The CEO of Barclays said, “The notion of putting 7000 people in a building may be a thing of the past.”

GDP Effects due to these Advancements:

It should be noticed that the financial benefits of digital technologies to productivity and GDP only provide one perspective on how these advances have improved living standards across the Australian population. There is additionally a scope of other types of welfare gain, like, better access to and quality of health care and education services, as well as non-monetary benefits.

The Chief Information Officer of the Reserve Bank of Australia (RBA), Gayan Benedict mentioned that “Our New Payments Platform, the Bank-managed Fast Settlement Service that underpins it, is integrated in real-time across the nation’s banking sector. Similarly, our new core banking platform is plumbed via cloud-based API services into our Government customers to enable real-time payments into citizen’s accounts. The Bank’s policy areas have developed new data platforms that consume massive data sets from across the industry to assess credit risk and maintain stability across our markets.”
Minister for Industry, Science and Technology Karen Andrews, identifies where Australia’s efforts should be focused in the years ahead to amplify the digital economy. She quoted, “We need to maximize opportunities from digital technology across Australia, and this report identifies key areas to focus on,”
“Those four areas are people, services, digital assets, and the enabling environment, each of which is accompanied by opportunities and areas for further improvement," she added.

Talking about the enabling environment, we have smart city concepts working effectively.
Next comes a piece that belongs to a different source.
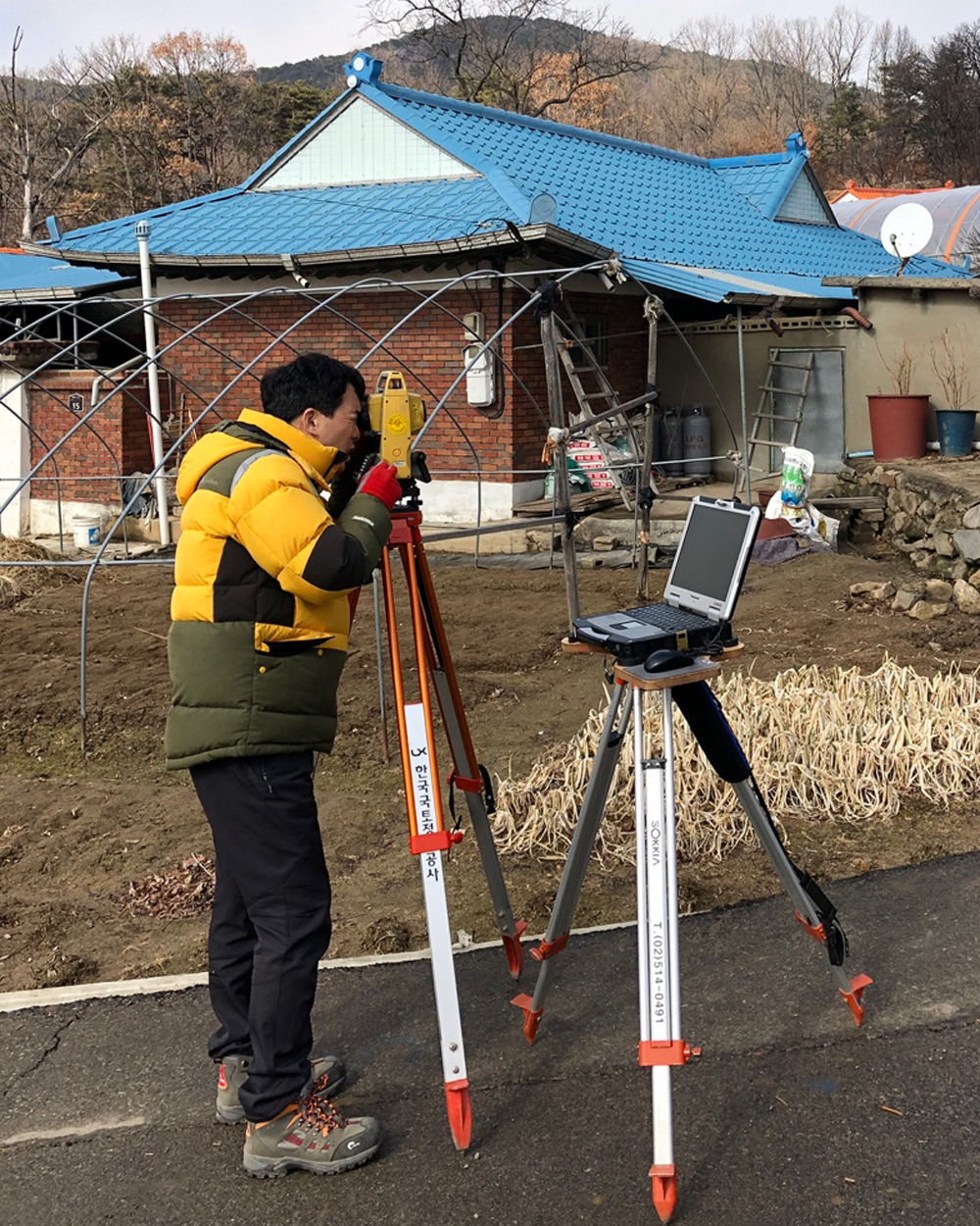 (사진 2매) 1. 군 관계자가 지적측량을 하고 있다

As of late, smart city digital solutions have given new opportunities to oversee congestion and improve liveability for residents. Smart cities are urban zones that incorporate ICT and internet-enabled gadgets to gather information and use it to optimize operations and services. These technologies offer the possibility to decrease congestion by improving the time needed to go between destination, increasing the safety of transport and reducing traffic incidents, and minimizing environmental impacts.

Final Thought:

By i-Pay team’s assessments, digital activity, considered on its terms as GDP, as of now contributes, straightforwardly and by implication, around $426 billion to the Australian economy. Also, a digital activity considered on its terms is liable for some 2.3 million jobs and generates some $1 trillion in gross economic output from the Australian economy.

These figures and trends will lead to increased volume, increased complexity, increased consumer expectations, frictionless regulation, and more incredible speed, connectedness, and interdependence.